A campanha pelo Tietê teve repercussão internacional. Lembro-me o dia em que recebi em minha sala um embasbacado repórter da BBC. Ao entrevistar-me, ele mesmo comparou nossa campanha à do Tâmisa. Pouco depois, a ONU publicou um relatório destacando os avanços na despoluição.

cronologia da campanha da eldorado pelo Tietê
Arquivo do Estadão e a cronologia do sonho de dona Angelina Basílio, presidente da escola de samba Rosas de Ouro, que deu certo.

A dimensão da campanha aparece também nos números demonstrando a eficiência extraordinária da SOS. Mais de US$ 4 bilhões foram investidos na maior obra de saneamento já feita no Brasil, com mais de 20 milhões de pessoas beneficiadas. Para Malu Ribeiro, a campanha do Tietê foi “a melhor campanha ambiental que o Brasil já teve” e também precursora da Política Nacional de Recursos Hídricos.
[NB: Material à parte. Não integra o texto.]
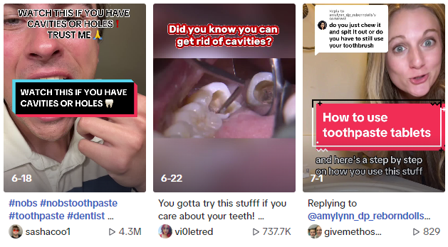 随即,越来越多使用NOBS牙膏片的用户在社交媒体上分享效果,这也让NOBS牙膏片迅速在TikTok等多平台走红。
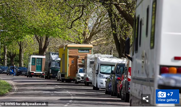 Даунс – большая зелёная зона на окраине Бристоля, предназначенная для пикников и занятий спортом. Сегодня она превратилась в "Караван-сити". Непрерывная вереница автофургонов сделала парк отдыха похожим на грязное гетто. Открытые мешки для мусора вдоль тротуара, детали сборных столов и стульев на траве, банки из-под пива, окурки и гонимые сильным ветром летающие обёртки от шоколадных батончиков – вот ставшая обыденностью картина окраин Бристоля.
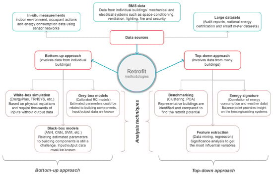 In the past, the selection and quantification of co-benefits of retrofit measures were often achieved with the assistance of energy auditing, building performance simulations, and domain expertise. With the continued development of low-cost sensors, massive data can be readily available from existing buildings, and this presents significant opportunities to use machine learning and big data analytics to optimize the retrofit process and explore energy-saving potential. Figure 10 summarizes different retrofit methodologies for large-scale building retrofits []. Based on the data collected from existing buildings, the bottom-up approach focuses on retrofitting individual buildings by analyzing different retrofit strategies and then extrapolates the results to larger scales, while the top-down approach focuses on using the available datasets to explore retrofit potential, establishing benchmarks, and providing guidelines for the development of energy retrofit policies [].

Exemplo de eficiência da SOS Mata Atlântica

Este, portanto, é outro exemplo de eficiência da ONG. A campanha poderia ter terminado com a entrega das assinaturas. Mas não, tornou-se  método, acompanhamento e cobrança. A SOS entendeu que cidadania ambiental não vive apenas de protesto. Vive de continuidade.

Serra do Mar,  PR

Agora, o Atlas mostra o melhor resultado em décadas: a Mata Atlântica chegou perto do desmatamento zero. A vitória não pertence apenas à ONG. Pertence também à sociedade que cobrou, aos técnicos que mediram, à imprensa que divulgou e ao poder público que, pressionado, teve de agir. Mas a SOS Mata Atlântica merece o aplauso principal. Sem método, persistência e credibilidade, essa história dificilmente teria chegado até aqui.